経営の健全性・効率性について
前年度の渇水傾向の解消や、償却資産の更新に伴う減価償却費の減少等から、経常費用は減少したものの、感染症に伴う経済支援としての水道料金の軽減を令和3年度は実施しなかったが使用水量が減少傾向にあることや県補助金等の減額により、経常収益が伸びず、経常収支比率は増となったが、100%を下回った。単年度での損失は生じたが、欠損金は生じていないため、累積欠損金比率は0%となっている。流動比率については、支払消費税による未払金の発生による流動負債の増加と損失による流動資産の減少から、前年度比で低下しているものの、全国平均値と比較すると高い数値となっている。企業債残高対給水収益比率については、年度中の借入がなく償還が進み、給水収益が前年度より増加したことから比率は低下した。料金回収率についても100%を下回っている状況にあり、他会計補助金等の料金収入以外への依存が大きい状況にある。施設利用率については、当初計画が観光需要の見込みから平均配水量などを多く見ており、全国平均を下回っている。有収率については、料金軽減を実施しなかったことから、前々年度水準まで回復したが、管路の老朽化等による漏水等により、逓減している。前年度の経済支援の影響で変動した指標もみられるが、老朽化の進行により経常経費は増加しており、計画的事業実施による営業費用の抑制と平準化に努め、効率的かつ健全な事業運営に努める。
老朽化の状況について
事業開始当初に布設した管路について、40年以上が経過していることから管路経年化率が0.73%となったが、布設時期に若干のずれがあるため、数値に変動がない。管路更新率も0%のままであるが、主要管路の送水管の更新を予定している。老朽化の進行による配水管漏水の増加や鉛給水管交換など、修繕費や更新工事等の維持管理費用の増加が今後も見込まれる。制水弁において塩害による不具合が見られることから、制水弁更新を実施するともに、道路修繕に併せ鉛給水管の布設替えを行うなど、事業の効率化を図っている。毎年増加する維持管理に要する財源確保と事業合理化による、効率的な更新工事を実施し、収支バランスをとりながら、健全な経営への努力が引き続き課題となっている。
全体総括
経済支援という単年度の要因が解消されたものの、経営については、赤字経営となった。
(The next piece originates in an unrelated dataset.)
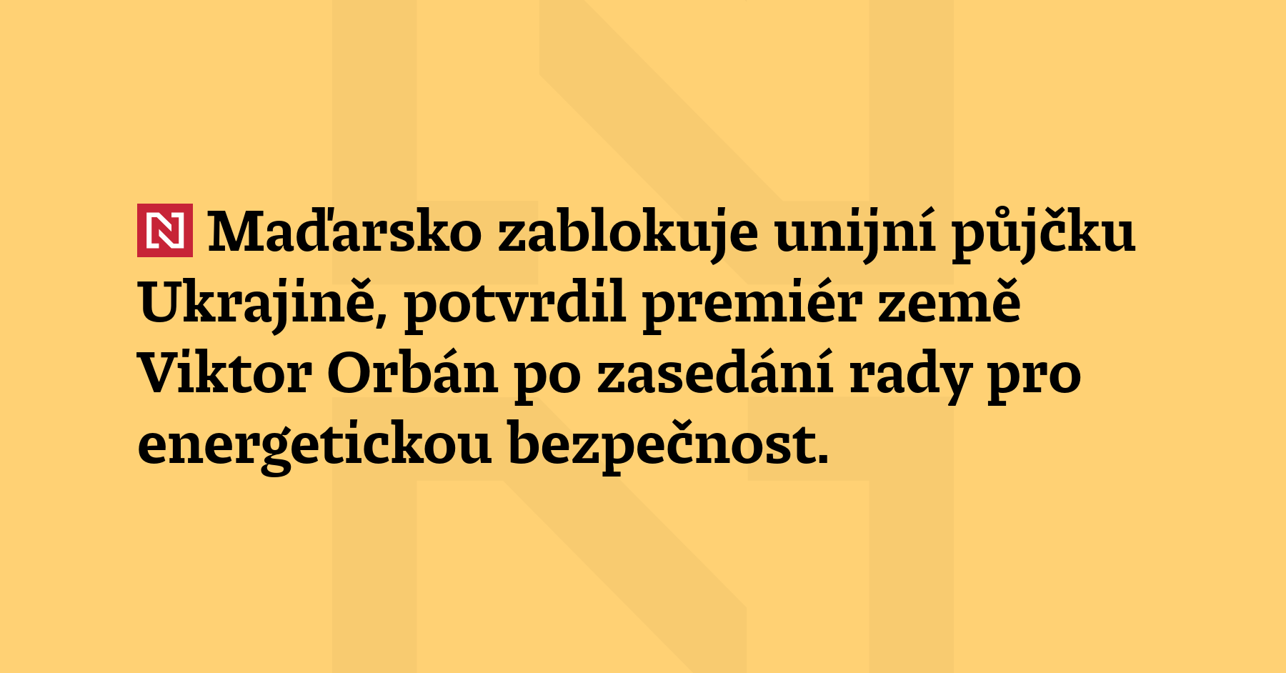 Maďarsko zablokuje unijní půjčku Ukrajině, potvrdil premiér země Viktor Orbán po zasedání rady pro energetickou bezpečnost. Blokádu uvolní, až znovu poteče ropa z Družby. (ČTK)

災害その他の緊急時を含めた、安定した水供給の観点から、施設の維持管理は重要であるが、老朽化が進行した施設更新需要は今後も増加が見込まれる状況にあり、事業の適切な実施と合理化が課題である。また他会計からの繰出金を受けていることからも財政基盤の安定化と将来負担水準の適正化が求められる。緊急性や費用対効果を十分に考慮・検討しコスト削減に併せて、経営の合理化を推進する体制作りの検討協議を行い持続可能な経営力の確保に努める。